14/08/2014 17:02 | Updated 20 May 2015

Why today's teenagers are the most career-driven

If you thought today's teenagers were only interested in celebrities and selfies, think again.

For it's been revealed that teens are more ambitious than at any time for 100 years.

Four in 10 young people say they want to do well in their working life, and 14 per cent say it's the most important thing to them.

The study of several generations of people, dating back to centenarians, compared attitudes towards work down the years.

It was carried out for the National Citizen Service, a scheme for 16 and 17-year-olds to learn leadership skills, carry out community work and spend time away from home.

Historian Heather Ellis, of Liverpool Hope University, who worked on the study, told The Sunday Times: "Today's teenagers know they can't depend on having a job for life.

"Instead of responding negatively and becoming apathetic or angry, many are so anxious to succeed they're starting to work while still at school, as young as 15, by setting up their own businesses, often using their sophisticated digital skills.

"The baby-boomers were the first generation not to have to worry about going hungry, being unable to afford a doctor, or not having enough money to further their education.

"Generation citizen, growing up against the background of the recent recession, are more acutely aware of many of the issues that worried the war generations such as financial security."

The study surveyed seven generations to examine how they viewed work when they left school.

The report revealed that far from being workshy or lacking in ambition, today's teenagers were as keen to succeed in the world of work as any of their forebears.

Among 13-19-year-olds today, 79 per cent named doing well in their work as one of the things that matters to them. One in seven – 14 per cent – said it as the most important thing to them.

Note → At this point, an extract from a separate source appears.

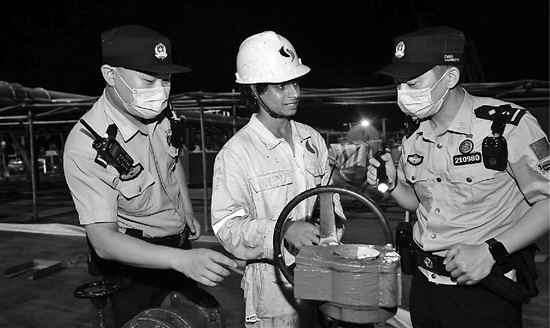 近日,岱山县公安局出入境管理大队结合夏季治安打击整治行动,联合舟山出入境边防检查站深入辖区船舶修造企业,对停靠的外国船舶围绕用电排风、作业防护、应急设备等环节开展实地检查,绷紧“安全弦”。

A 'silent generation' of 72-89-year-olds, who grew up in the 1930s at the time of the Great Depression, were the only group to come close to showing the same levels of aspiration as today's youngsters.

For those born around the First World War the 'lost generation', now over 95, and the 'greatest generation' including the over-90s – serving the country and supporting family was more important than a career.

Just 58 per cent of the 'greatest generation' said having a successful job is important.

Among post-war teenage babyboomers, now aged 54-71, just 62 per cent thought a successful career was important.

The other groups included the silent generation (aged 72-89), generation X (32-53) and generation Y (19-31).

Today's 13-19-year-olds are described as 'generation citizen'.